Part of the workshop was show and tell; we had to bring something to the workshop, preferably from our youth, and explain how that object impacted our lives.

My show 'n' tell was the #60 issue of Mad magazine. Here is my story:

The public school system I attended let the students out early every Thursday to attend religious instruction classes at a local house of worship. On the way home from religious instructions, I had my weekly quarter allowance to spend at a Mom and Pop store. With my quarter, I could buy two comic books and a pack of baseball cards or the new issue of Mad magazine

So, one fall day in 1960, about a month before the November Presidential election of John Kennedy, I find two new issues of Mad for sale; one issue congratulates Nixon as the election winner and the other issue congrats JFK. Only having a quarter, I can only buy one, and being a good Roman Catholic, I buy the JFK issue.

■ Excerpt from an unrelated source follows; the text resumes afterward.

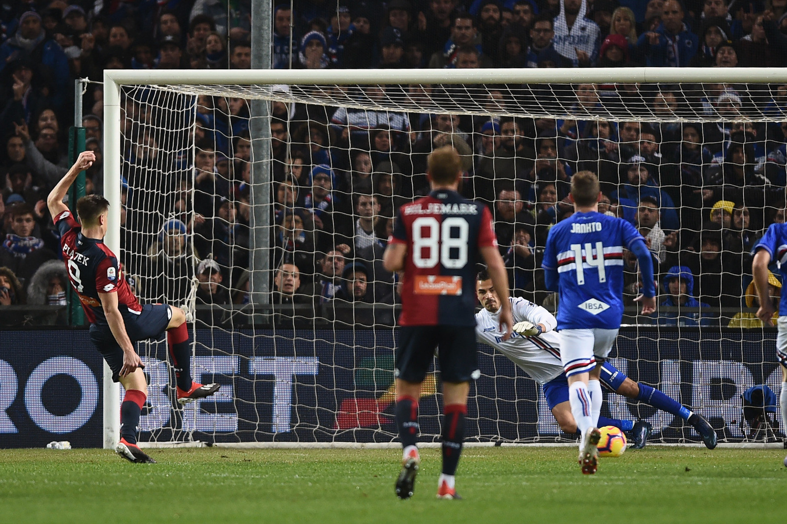 Sud che esplode, quinto gol in campionato per il numero 27, il cento trentaduesimo in A: derby che si sblocca subito, con il solito Quaglia a richiamare immediatamente la squadra a centrocampo perché “c’è ancora tanto da giocare”. E al Genoa per azzerare tutto bastano appena nove minuti: palla in profondità per Piatek, errore di Andersen che si lascia superare dall’attaccante polacco, steso in area da Audero. Arbitro che indica il dischetto: palla da una parte, numero uno della Samp dall’altra, dopo 451’ il pistolero torna a sparare. Decimo gol in campionato per il capocannoniere solitario della Serie A, fermo dalla rete nel ko col Parma dello scorso sette ottobre che costò l’esonero a Davide Ballardini. Primo gol sotto la gestione Juric, espulso per proteste nella ripresa, quattordici in altrettante gare ufficiali, poker di Coppa Italia compreso.

After paying for the magazine and getting Mad in my hands, I realize that the Nixon and JFK issues are the same issue; the same magazine had two covers! The front cover had Nixon and the back cover had JFK, however, the back cover was printed upside down so that it opened with the binding on the left as if it was a front cover!

Upon further investigation, I discovered that not only was the back cover printed upside down, but half the magazine was printed upside down following the upside down cover

This blew my mind. It was thinking outside the box and it was so far out there that opened my mind to thinking outside the box, too... yadda, yadda, yadda...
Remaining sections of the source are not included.